T
homas Piketty está de moda en el mercado de la economía. Su reciente libro: Capital en el siglo veintiuno se publicó en francés en agosto de 2013 y en inglés en marzo de 2014, lo que es muy extraño para un libro de economía con ese origen (Capital in the Twenty-First Century, Harvard University Press, Cambridge, MA, 696 páginas). Los especialistas y la prensa de todo tipo han dado fuerte eco a este tratado sobre la dinámica de la desigualdad y sus consecuencias. La atención puede decirse que ha sido sobresaliente.
Y es que la desigualdad es hoy objeto de mucha atención entre los organismos como el FMI, el Banco Mundial, la ONU o la OCDE; también en los institutos de investigación en Estados Unidos y Europa. Una de las referencias muy socorridas al respecto es aquel uno por ciento de la población en la que se concentra en las últimas décadas una parte significativa del producto generado, fenómeno que incluso se ha agravado con la crisis financiera de 2008 y sus secuelas. Ese era el lema del movimiento Ocupar Wall Street
de aquel momento.
Pero la cuestión de la desigualdad no es sólo un rasgo de la crisis que está en curso, sino que es un fenómeno de mucho más largo aliento y de índole estructural en el capitalismo. Esto es lo que ahora llama la atención del trabajo de Piketty en los círculos académicos y entre la izquierda angloparlante.
Y es que cuestiona uno de los supuestos de las políticas públicas aplicadas desde hace ya mucho tiempo en Estados Unidos y Europa y que se han recrudecido, a saber: que el proceso de crecimiento económico es el mayor recurso en contra del descontento provocado por la muy desigual distribución del ingreso y de la riqueza. Pero el caso es, precisamente, que el crecimiento no responde y cuando lo hay no crea una convergencia decisiva en la igualdad. Este término es, por cierto, de naturaleza relativa.
La investigación se basa en un extenso trabajo estadístico sobre la evolución del ingreso y de la riqueza, que llama capital, durante los tres últimos siglos en las naciones con más altos ingresos. Lo que encuentra es que no hay una tendencia general hacia una mayor igualdad económica, como se postula de alguna manera en la teoría neoclásica. Afirma que el periodo para el que esa evidencia existe y que es el de la segunda posguerra fue en parte resultado de una serie de políticas explícitas para redistribuir el producto, pero aun más, se debió a la necesidad de reponer los activos destruidos en el transcurso de 1914 a 1945, sobre todo en Europa (y también Japón).

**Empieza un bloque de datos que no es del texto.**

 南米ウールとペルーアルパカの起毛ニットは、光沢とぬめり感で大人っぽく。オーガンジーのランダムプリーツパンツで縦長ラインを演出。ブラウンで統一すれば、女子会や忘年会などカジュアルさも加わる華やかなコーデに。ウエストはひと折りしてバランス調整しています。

Además, añade Piketty que se está recreando el capitalismo patrimonial
del siglo XIX, que asocia al predominio de la riqueza heredada. En contra de las teorías acerca del capital humano como base para la superación en la cadena de la distribución, dice que el capital no humano
(origen familiar, posición social, etc.) parece ahora tan indispensable como en el pasado. La desigualdad se ubica, así, como un asunto de tipo intrageneracional y que tiene que ver con el fenómeno de la movilidad social. Esto es significativo en un periodo en el que se habla cada vez más de las desigualdades entre generaciones, como las que surgen de la dificultad para recrear los programas de pensiones para los más recientes entrantes al mercado de trabajo.

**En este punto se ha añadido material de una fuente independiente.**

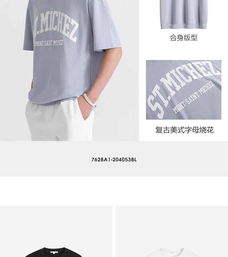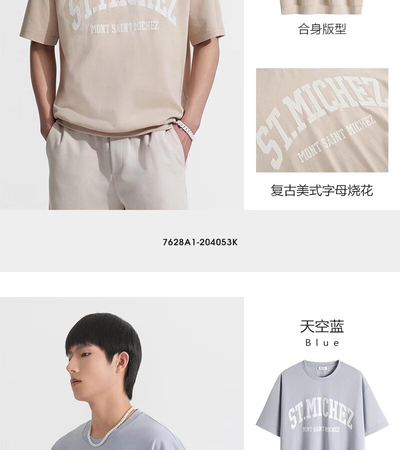 HIM漢崇 男士舒适休闲短袖T恤复古字母植绒印花圆领上衣 2026夏季

El libro sostiene que la relación entre la riqueza y el producto tiende a crecer en Europa y Estados Unidos, lo que se expresa en el hecho que en ese último país el uno por ciento más rico se ha apropiado entre 1977 y 2007 de 60 por ciento del incremento del ingreso nacional. Esto evoca aquellas viejas discusiones sobre la afluencia capitalista y el poder de los gestores de la riqueza de John K. Galbraith.
Piketty hace notar que la relación entre el capital y el producto tenderá a aumentar mientras la tasa de ganancia esté significativamente por encima del crecimiento del producto. Esto es lo que ocurre normalmente y pasa ahora en medio de la crisis económica, con los severos ajustes fiscales en materia social y la lenta expansión productiva en los países desarrollados.
Una de las consecuencias de estos procesos es que el ingreso antes de impuestos de los estratos más altos crece de manera muy rápida. Los más ricos ahorran suficiente parte de su ingreso para que su capital crezca incluso a un ritmo mayor que la economía y tienen defensas contra los impuestos.
Una de las conclusiones que propone es enfocarse de modo amplio en la cuestión de la fiscalidad. Este, sin embargo, es precisamente uno de los puntos más contenciosos en términos políticos y ante los cuales hay una mayor resistencia en las prácticas más convencionales de la gestión económica.
Un planteamiento somero sobre el problema en cuestión está en un estudio del FMI titulado Redistribución, desigualdad y crecimiento, de febrero de este mismo año en donde se dice: Los economistas atienden crecientemente a los vínculos entre la mayor desigualdad y la fragilidad del crecimiento. Las narrativas incluyen la relación de la desigualdad, el endeudamiento y el ciclo financiero, que plantaron las semillas para la crisis. De ahí se derivan medidas de política que de inmediato caen en el punto controvertido de que si se trata de incidir en la desigualdad por la vía de mayores impuestos se atenta contra el crecimiento. En ese círculo vicioso se mantiene buena parte del debate.